| HN Mirror

Y	Hacker News new \| ask \| show \| jobs

by ddragon 2425 days ago

I think it's easier to visualize considering how pytorch (or tensorflow eager) does it. Pytorch supports loops, conditionals and other native python non differentiable operators, but what happens is that for each forward/backward pass pair you run the graph building function again. Only the functions that are overloaded by the library with the execution graph ("tape") creation steps affect what's in each final tape (and they are all differentiable), while the non differentiable native parts (like loops) only define the combination of the former differentiable pieces. You can even have a function that asks for user input every time in order to build the tape (a non pure function), as long as said graph is always differentiable at each run then auto-differentiation still works.
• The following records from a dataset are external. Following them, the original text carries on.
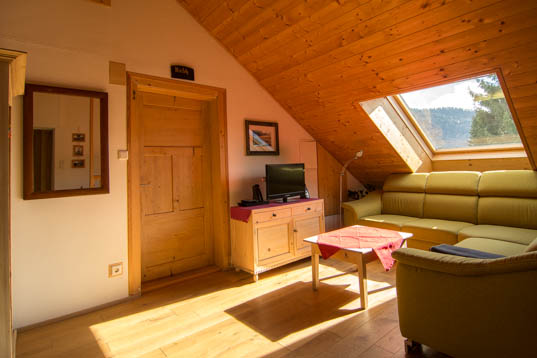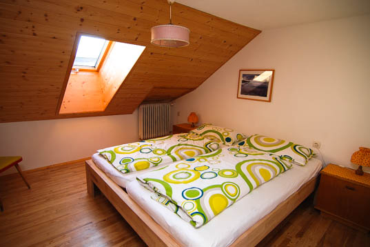 Das kleine Schlafzimmer mit südseitigem Dachfenster ist ein Zweibettzimmer mit 10 m² Größe.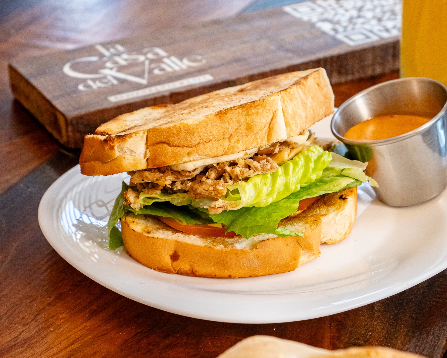 Sándwich de pollo, panela, jitomate, lechuga, cebolla y aderezo.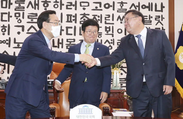 더불어민주당 김태년 원내대표(오른쪽)와 미래통합당 주호영 원내대표(왼쪽)가 11일 오전 서울 여의도 국회 국회의장실에서 열린 21대 국회 전반기 원구성 협상을 위한 국회의장 주재 원내대표 회동에서 악수하고 있다. 가운데는 박병석 국회의장.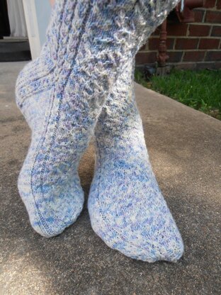 The sock is worked cuff down with mock cables and twisted stitch panels. The panels and mock cables are separated by purl stitches. Additional purl stitches may be added to increase the size, if needed.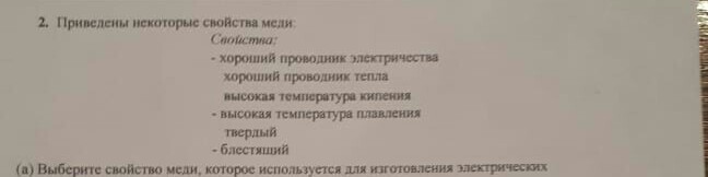 приведены некоторые свойства меди свойства хороший проводник электричества хороший проводник тепла высокая температура кипения высокой температуры плавления твердой блестящий Выбери свойства меди которые используют для изготовления электрических проводов

Also, unlike symbolic differentiation, you can have a surrogate gradient that approximates the behavior of the function well enough when it's not differentiable (for example max pooling for convolutional network).

The original tensorflow work the same, but instead of running the graph every time, it embeds the non differentiable control mechanism in the code of the graph, which can more efficiently (without needing the host language to build a new one every time) create the correct differentiable tape for each run based on it's input. And source-to-source differentiation work exactly the same way, except instead of having to use a DSL (like the tensorflow graph API) and compile it, it simply uses the host language and compiler directly (so you don't need effectively two languages). Which is the case of Julia's Zygote and Swift for Tensorflow.

The only alternative to this piecewise differentiation that I know of would be creating a soft version of discrete operators, such as replacing step functions with sigmoids and case/switch/elsif operators as softmax selectors for example, which is not what any of those libraries do (it would not be easy to make it converge as the graph would be much more complex at each backward pass). In this case you could have one single graph that includes every branch though.